In Eq. (4), υ is the northward component of the velocity, adv is the advection term, cor is the Coriolis force, pre is the pressure gradient term, vert_vis is the vertical eddy viscosity term, and hori_vis is the horizontal eddy viscosity term. The overbar above each term denotes detiding procedure by a low-pass filter (Hanawa and Mitsudera 1985).

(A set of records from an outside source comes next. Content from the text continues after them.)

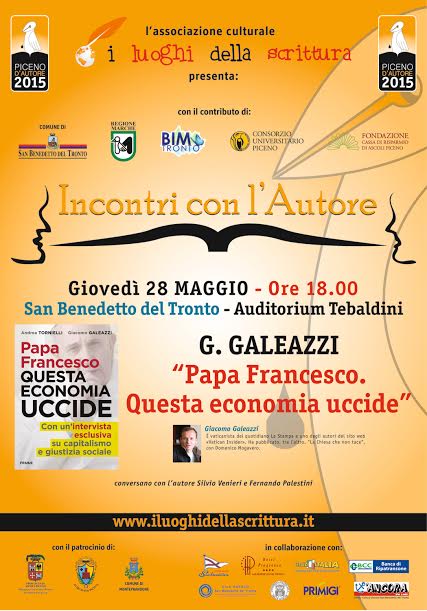 SAN BENEDETTO DEL TRONTO – Nell’ambito della rassegna “Piceno d’Autore 2015”, organizzata dal Comune di San Benedetto del Tronto e dall’Associazione culturale “I Luoghi della Scrittura”, con l’adesione dell’Ufficio Cultura della Diocesi di San Benedetto Tr.-Ripatransone e Montalto e del Club Unesco San Benedetto Tr., oggi, giovedì 28 maggio, alle ore 18:00, presso l’auditorium “Tebaldini” di San Benedetto, si svolgerà l’incontro con l’autore Giacomo Galeazzi con l’opera “Papa Francesco. Questa economia uccide”.
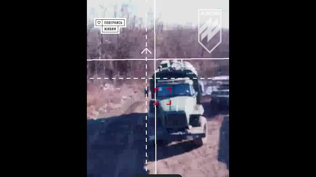 UAV SETH tập kích xe tải quân sự gần thành phố Toretsk ở tỉnh Donetsk trong video đăng ngày 10/3. Video: Lữ đoàn Azov
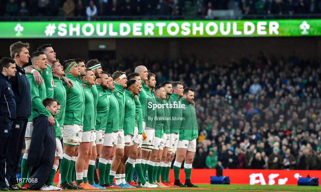 1 February 2020; The Ireland team stand for Amhrán na bhFiann prior to the Guinness Six Nations Rugby Championship match between Ireland and Scotland at the Aviva Stadium in Dublin. Photo by Brendan Moran/Sportsfile
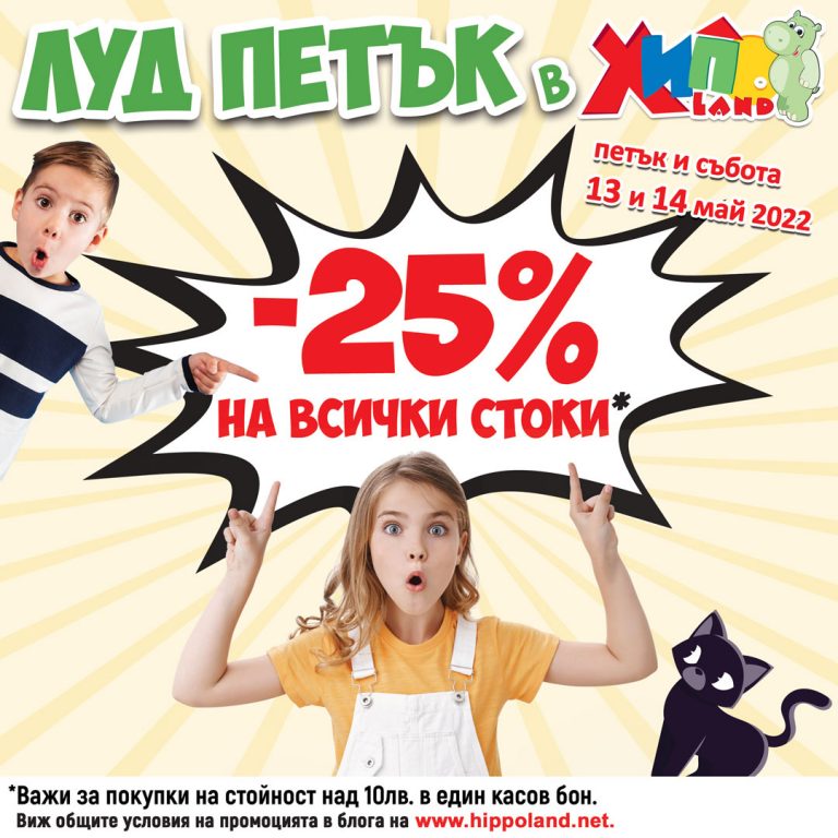 25% отстъпка на всичкo – играчки, бебешки стоки, дрешки, книжки! Промоцията е валидна за покупки на стойност над 10лв. с …
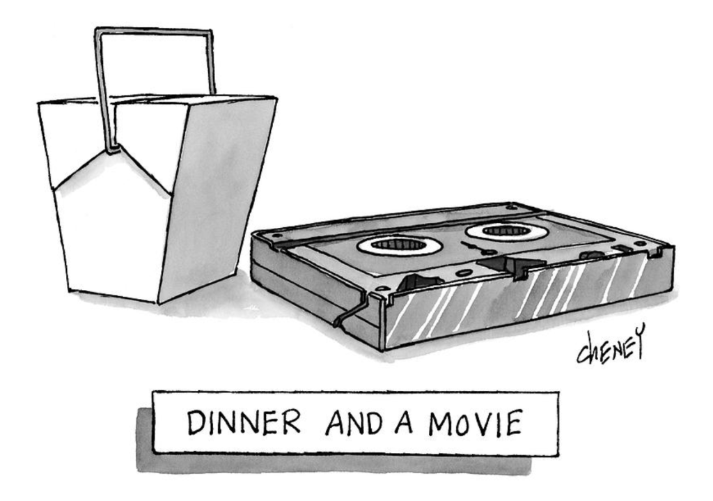 Those of you who have younger children might have to explain the above cartoon to them. Not the carton of Asian takeout but the darker flat thing.

In spring tide, the advection term in the north area of the river mouth (Fig. 11a) is positive, which is favorable to the acceleration of the northward current, whereas the Coriolis force is relatively small inside the plume (salinity smaller than 25) (Fig. 11b). The advection term inside the plume is balanced by the pressure gradient term (Fig. 11c) and vertical eddy viscosity term (Fig. 11d). In neap tide, the Coriolis force becomes negative inside the plume (Fig. 11f), and is likely balanced by the pressure gradient term (Fig. 11g) and vertical eddy viscosity term (Fig. 11h).

Fig. 11.
Fig. 11.

Horizontal distribution of the (a),(e),(i) advection term; (b),(f),(j) Coriolis force; (c),(g),(k) pressure gradient term; and (d),(h),(l) vertical viscosity term in the momentum equation [Eq. (4)] for the northward component of velocity on (top) 11 Jun (spring tide, 154 m3 s−1), (middle) 19 Jun (neap tide, 173 m3 s−1), and (bottom) 26 Jun (spring tide, 3250 m3 s−1) in case 1. The units of all the values are m s−2. The black line in each panel shows the 25 isohaline of the plume. The red rectangle in (i) shows the area where averaged surface momentum terms are calculated inside the plume in Fig. 12.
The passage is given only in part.